# Why normal subgroup chains in Galois theory

I have began understanding Galois theory and I had a question regarding the relationships of normal subgroups to field extensions.

So given an irreducible polynomial over the rationals $$a_1 + a_2x +\cdots+ a_nx^{n-1} + x^n$$ the initial group of symmetries of the roots $r_1,\ldots,r_n$ is the set of permutations of roots that uphold

$$\begin{pmatrix} r_1 + r_2 +\cdots+ r_n = -a_n \\ r_1r_2 +r_1r_3 +\cdots+ r_{n-1}r_n = a_{n-1} \\ \vdots \\ r_1r_2\cdots r_n = (-1)^n a_1 \end{pmatrix}$$ which of course is the symmetric group $S_n$.

Now if we take the field $\mathbb{Q}$ and extend it by one of the roots

$$\Bbb{Q} \rightarrow \Bbb{Q}(r_1)$$

The equations above obviously reduce to a smaller collection

$$\begin{pmatrix} r_2 + \cdots+ r_n = -a_n -r_1 \\ r_2r_3 + \cdots + r_{n-1}r_n = -a_{n-1} - r_1{a_n}+r_1^2\\ \vdots \\ r_2 r_3 \cdots r_n = (-1)^n \frac{a_1}{r_1} \end{pmatrix}$$

Which is preserved by the group $S_{n-1}$ of permutations of the roots.

So this sequence of permutation groups converges to the identity once enough field extensions have occurred.

$$G \rightarrow G' \rightarrow G'' \rightarrow\cdots \rightarrow e$$

$$\Bbb{Q} \rightarrow \Bbb{Q}(r_1) \rightarrow \Bbb{Q}(r_1)(r_2) \rightarrow\cdots\rightarrow \Bbb{Q}(\text{all roots})$$

And I understand that $$G' \subset G, \qquad G'' \subset G',\qquad\ldots$$ In other words each of those groups is a subgroup of its predecessor.
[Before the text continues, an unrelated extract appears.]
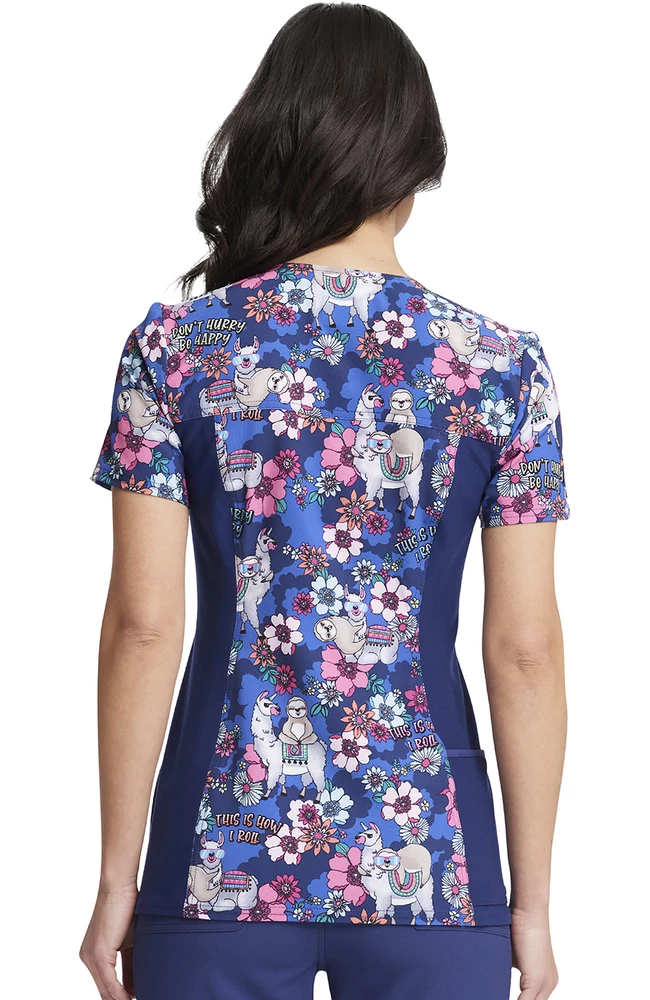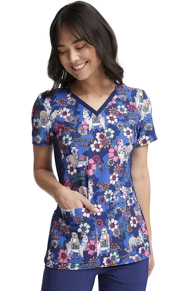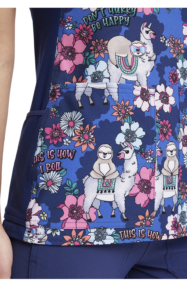 Feel the positive vibes in the iflex by Cherokee Women’s Happy Pals Print Scrub Top. Stretchy knit side panels add extra comfort and movement, while several front pockets add the utility you need.

But, it is not immediately clear to me why they need to be normal subgroups.

Could someone explain that?

• The Galois group of an irreducible polynomial of degree $n$ need not be the entire group $S_n$ but just a subgroup. What makes you suspect that the chain of subgroups needs to be normal subgroups? Commented Jul 7, 2015 at 14:33
• Well, if you have a splitting field of multiple irreducible polynomials, then the Galois group is a subgroup of the direct product of the Galois groups of the individual irreducibles, each of which will be normal in the whole group. Commented Jul 7, 2015 at 14:50
• Note that for a field extension $F/K$ and intermediate field $L$, $G(L/K)$ need not be a subgroup of $G(F/K)$. $G(F/L)$ is a subgroup, and if it is normal in $G(F/K)$, then $G(F/K)/G(F/L)\cong G(L/K)$. Commented Jul 7, 2015 at 15:04
• I can give a brief explanation: consider the mapping $\pi : G(F/K)\rightarrow G(L/K)$ defined by restriction, i.e., $\alpha \in G(F/K)$ is mapped to $\alpha|_L$. Show that $\pi$ is well defined ($\alpha(x)\in L$ for all $x\in L$) if and only if $L/K$ is Galois (hence if $G(F/L)$ is normal). In this case, $\pi$ is an epimorphism with kernel $G(F/L)$. Commented Jul 7, 2015 at 16:36
• It means restricting the domain to $L$. So $\alpha |_L : L\rightarrow F$ whereas $\alpha: F \rightarrow F$ and both map $x$ to $\alpha(x)$. Commented Jul 7, 2015 at 16:42

Let's set $F_0=\mathbb{Q}$ and $F_k=\mathbb{Q}(r_1,\ldots,r_k)$, so that $F_n=\mathbb{Q}(\text{all roots})$.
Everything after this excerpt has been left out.